Hasn’t HR suffered enough? At a time when major organizational initiatives in performance management and talent management should be giving human resources managers a big boost in respect and organizational influence, most executives continue to view HR as utterly nonstrategic and the last place they want to end up. Fast Company’s cover story “Why We Hate HR” was bad enough, but today comes another indignity.

At Christie’s auction house in New York a painting by Lucien Freud will go up for auction. It is of a rather Rubenesque nude woman asleep on a couch. It is expected to fetch the highest price ever for any living artist. Its title: “Benefits Supervisor Sleeping.” That is not the image the HR function needs!

So what’s the solution? How can HR practitioners elevate the strategic importance of the function and attract the best talent to this incredibly important field? HR isn’t about paperwork and summer outings. It’s about the acquisition, development, and measurement of talent. It’s a deeply strategic field with the power to make tangible and lasting effects on the organization.

In the hands of the right people, HR would not be a career dead-end; it could be the new road to the top. It’s a sad state of affairs that crunching data and managing outsourcers are considered better career tracks for aspiring leaders than creating and executing people strategies — but that appears to be the case.

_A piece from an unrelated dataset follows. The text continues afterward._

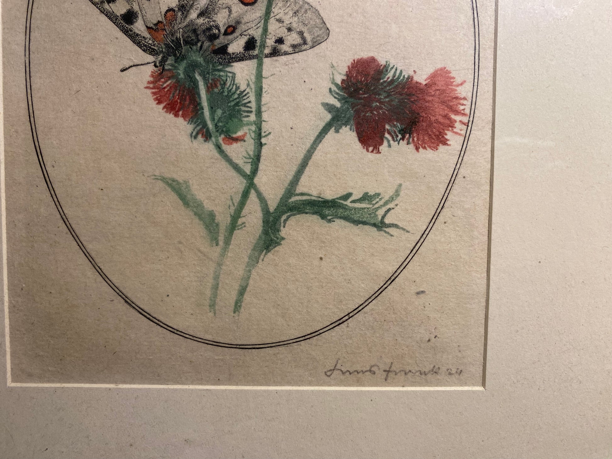 Dieser signierte Druck aus dem Jahr 1924, ist ein wunderbares Beispiel für die Naturkunst der frühen 20er Jahre. Die Grafik, die einen Schmetterling in natürlicher Umgebung auf einer Distel zeigt, ist in einem hervorragenden Zustand erhalten. Der Rahmen, der die Grafik umschließt, weist zwar im oberen Teil eine leichte Beschädigung auf – ein kleines abgeschlagenes Stück –, dies mindert jedoch nicht den Gesamteindruck des Kunstwerks. Die Maße von 28 cm x 24 cm machen es zu einem idealen Stück für verschiedene Räumlichkeiten und Sammlungen. Ein reizvolles Sammlerstück für Liebhaber von Naturillustrationen und Kunstwerken aus den 1920er Jahren.

Even though I’m not in the field, I’m fed up for my HR brethren. HR is a critical player in executing a company’s larger talent management strategies – something lost, it seems, on too many companies. After all, what moves the organization? Its people. Recruiting the best and the brightest talent, implementing strategies to get the most out of them, guiding the development of top performers, addressing weak links, measuring the value people deliver to the organization. What could possibly be more important?

Apparently everything else — at least if you judge by the career tracks and opinions of most executives. So where does HR stand in your organization? Is it a disrespected function or can it be rehabilitated? Is it even possible to move HR out of the wings and onto center stage? If so, how?